LEGACY OF DEATH:
THE DYSON’S COMET KILLER
By Richard Paolinelli
© 2019 RICHARD PAOLINELLI . ALL RIGHTS RESERVED. NO COPYING OR ANY OTHER REPRODUCTION OF THIS STORY IS PERMITTED WITH WRITTEN PERMISSION.
Bolton had been right about one thing, Barlow was not the last victim. Despite teams of Inspectors, patrolmen and clerks checking out any and all leads nothing had turned up but more victims. Three more victims had fallen to the knife of the Dyson’s killer, the name the press had given the killer once word had gotten out about the carvings on each of the victims.
Seven women in five days and still not one shred of evidence or a single lead existed that gave anyone hope that the killings would end with an arrest.
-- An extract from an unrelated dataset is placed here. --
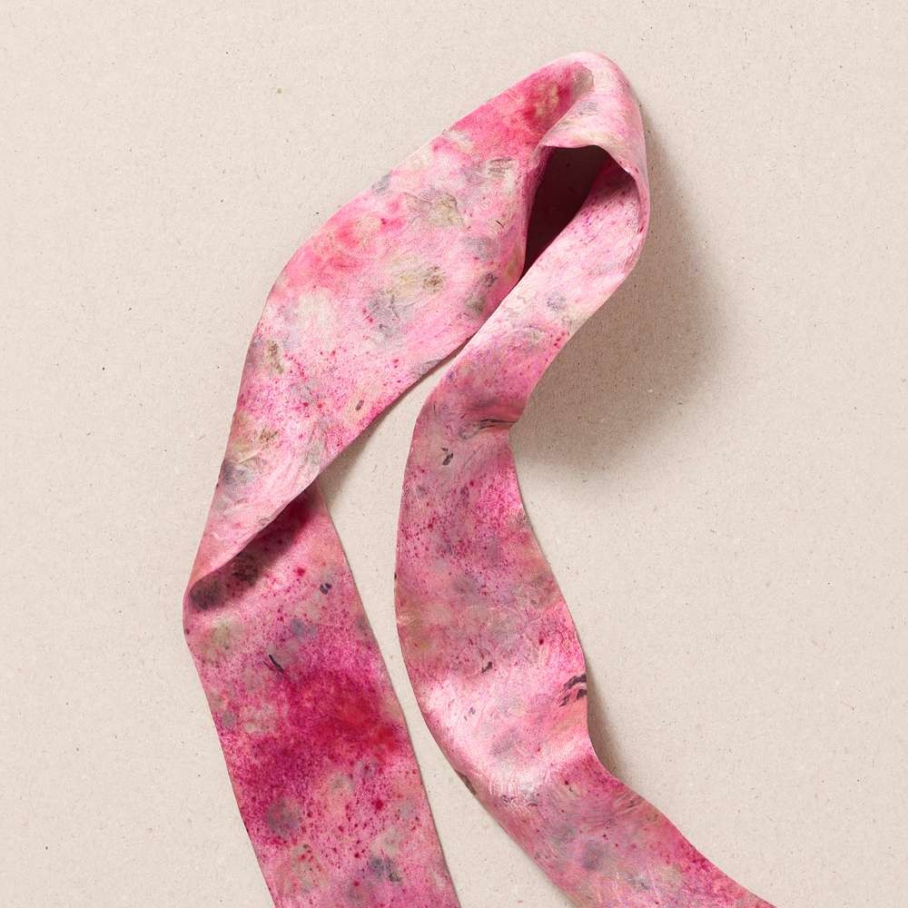 Dyed with natural ingedients to creat "messy" pink hues on silk. Consider it your most adaptable silk accessory. Add a twist to your outfit -neck, hair, headband, wrist or arm, bag strap- endlessly wearable and open to your own interpretation. The "Silkline" series celebrates the essence of Greece, honoring its folk traditions, festivals, arts and cultural heritage that shape the soul of the country. Each 100% silk piece comes with a signed certificate of authenticity listing the natural dyes, techniques and materials used in its making. Uncover what’s within yours.

With each hour that passed without sleep and without any positive news or leads, Bolton’s temper worsened until finally he bit off some poor policewoman’s head for merely offering to get him a cup of coffee.
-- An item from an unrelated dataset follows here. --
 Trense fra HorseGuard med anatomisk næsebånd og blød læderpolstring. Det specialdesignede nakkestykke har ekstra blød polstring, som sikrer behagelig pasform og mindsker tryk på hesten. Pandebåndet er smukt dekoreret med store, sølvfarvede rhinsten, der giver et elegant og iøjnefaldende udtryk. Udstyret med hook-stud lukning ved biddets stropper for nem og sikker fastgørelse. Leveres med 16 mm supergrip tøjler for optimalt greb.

Kiner stepped in quickly and ordered Bolton to go home and get some sleep.
“You’re no good to this investigation like this Mac,” Kiner said, gently putting a hand on Bolton’s shoulder to ease the sting of his words. “Go home and get a few hours of sleep before you collapse. We’ll call if anything turns up. It’s only ten in the morning and he’s never attacked during daylight. There’s time for you to get some rest.”
Grudgingly, Mac acquiesced. Too tired to trust himself behind the wheel of a car, Bolton resigned himself to a BART ride home to his apartment in San Bruno after he failed to reach Owens at her office or on her cell phone. He left a message for her, letting her know he was going home and that he would call her later after he’d caught a nap.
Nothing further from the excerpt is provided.